Newsletter S'inscrire à notre newsletter

Magazine

« On fait partie de la famille des transporteurs »

Du sur-mesure Éric Heudicourt et Vincent Dumoulin, président et vice-président de l’association Première ligne qui regroupe les professionnels du secteur des moins de 9 places, militent pour la reconnaissance de leur activité auprès des transporteurs et des collectivités.

Pourquoi avoir créé l’association Première ligne?

Éric Heudicourt: Après avoir quitté la présidence de Vortex en 2011, j’ai voulu créer Première ligne parce qu’il était nécessaire que les entreprises spécialisées dans les véhicules de moins de 9 places soient représentées. J’y pensais déjà depuis deux-trois ans. Et il n’y avait pas de structure capable de rassembler ces professionnels.

Vincent Dumoulin: Il faut bien comprendre que c’est un nouveau métier. Éric Heudicourt, en fondant Vortex en 1999, puis Première ligne, a quasiment créé ce métier! Aujourd’hui, il y a une quinzaine d’entreprises adhérentes à l’association, plutôt de grosses structures du secteur, ce qui représente environ 5 000 véhicules, et une cinquantaine de sympathisants. Les entreprises y trouvent leur intérêt. Première ligne leur permet d’entrer dans la discussion. J’ai le sentiment qu’on a tiré la profession vers le haut.

Que représente ce secteur dans le monde du transport?

V.D.: On estime qu’il y a à peu près entre 20 000 et 30 000 entreprises qui exploitent des véhicules de moins de 9 places.
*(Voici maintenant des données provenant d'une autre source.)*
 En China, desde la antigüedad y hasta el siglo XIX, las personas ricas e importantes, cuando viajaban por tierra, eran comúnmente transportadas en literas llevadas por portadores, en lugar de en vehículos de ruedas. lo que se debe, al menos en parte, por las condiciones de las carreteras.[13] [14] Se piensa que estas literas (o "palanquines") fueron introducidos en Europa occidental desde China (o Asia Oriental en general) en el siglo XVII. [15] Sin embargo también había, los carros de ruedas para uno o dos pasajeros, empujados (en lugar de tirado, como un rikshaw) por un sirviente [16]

Mais pour 90 % d’entre elles, ce sont des entreprises qui ont un ou deux salariés, voire même une seule personne qui exerce avec son propre véhicule. À côté, il y a une trentaine d’entreprises de taille plus importante.
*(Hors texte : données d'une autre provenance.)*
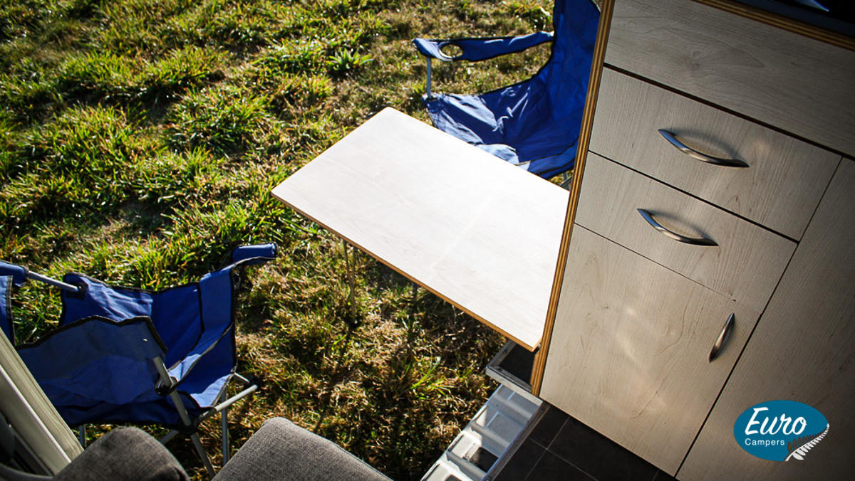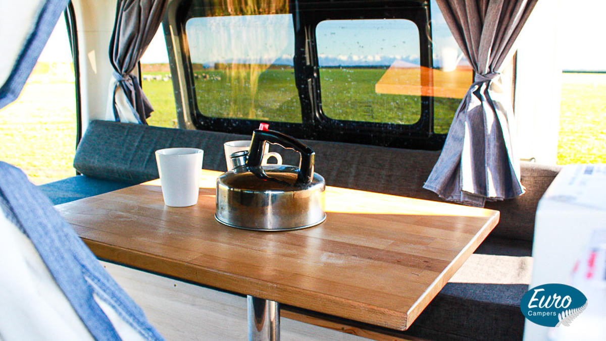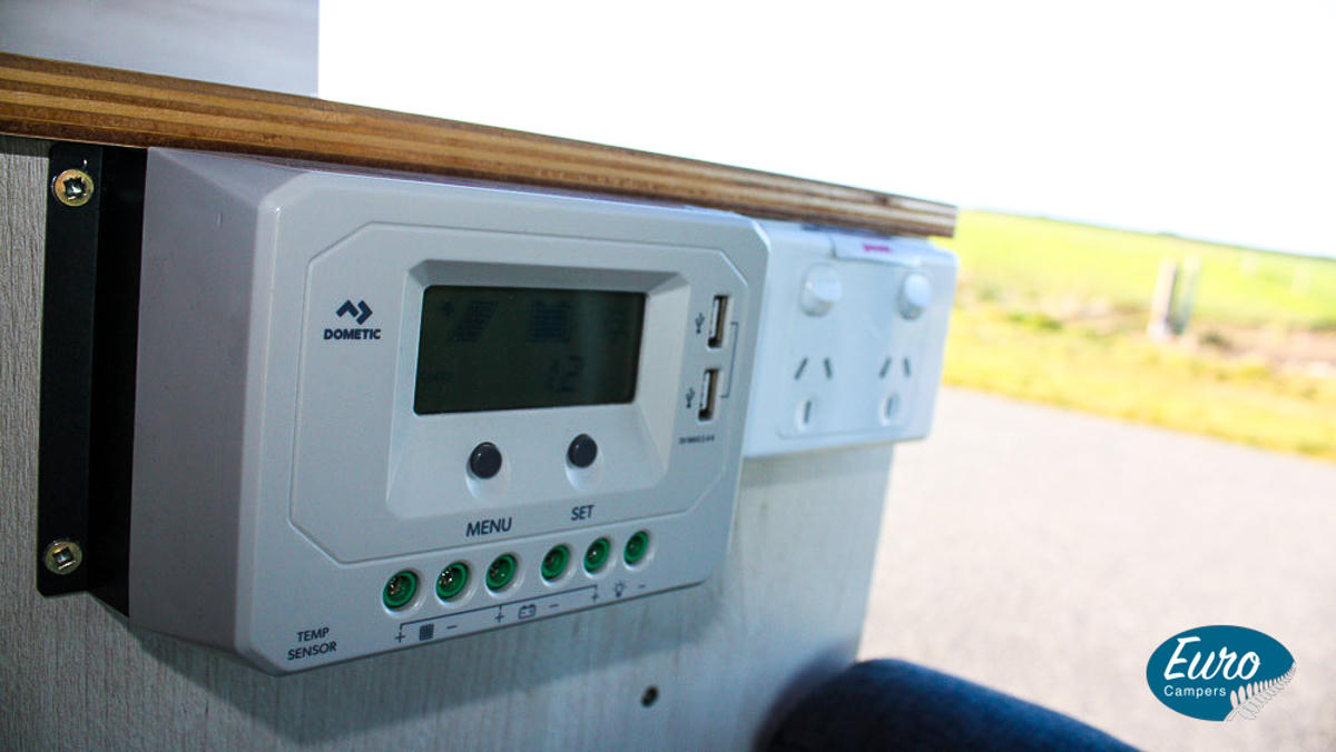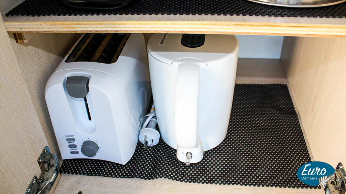 Der Innenausbau wurde 2019 gefertigt und bietet eine solide Ausstattung für ein unabhängiges Abenteuer durch Neuseeland. In der Küche kann dank einer Innenhöhe von 1,95m bequem gekocht werden. Dazu steht ein 2-flammiger Gasherd zur Verfügung. Außerdem stehen Geräte wie Wasserkocher und Toaster (jeweils bei 240V) sowie ausreichend Geschirr und Kochutensilien zur Verfügung. Der Kühlschrank fasst 60L und besitzt ein Gefrierfach. Die Wohnraumbatterie wird von einer Solaranlage auf dem Dach unterstützt. Außerdem ist im vorderen Wohnbereich eine tragbare Toilette verstaut, dank welcher der Euro Sky 3 self-contained zertifiziert ist. Hinzu kommt eine Solar Dusche für den Außenbereich. Somit steht dem günstigen Freedom Camping nichts im Weg.

E.H.: C’est environ 500 millions d’euros de chiffre d’affaires en France pour le transport de personnes à mobilité réduite, et près d’un milliard pour le transport à la demande.

Quels sont les objectifs de Première ligne?

E.H.: Notre prochaine étape, c’est de fédérer les entreprises plus petites. Nous faisons un travail pédagogique dans ce sens-là. Nous organisons des réunions d’adhérents, et nous faisons ponctuellement des présentations de Première ligne. Beaucoup de ces professionnels sont concentrés sur leur métier et ne voient pas les enjeux du secteur. Nous avons signé un partenariat avec la FNTV en mai dernier, ce qui va nous permettre de donner de la force à notre discours.

Quels sont les enjeux du secteur?

V.D.: Ce que les gens ne savent pas en général, c’est que les véhicules de moins de 10 places sont sous l’égide de la même convention collective que les transporteurs classiques. Mais cette convention est faite pour les autocars, pas pour nous! Il faudrait que cette réglementation soit assouplie, même si c’est difficile de se faire entendre.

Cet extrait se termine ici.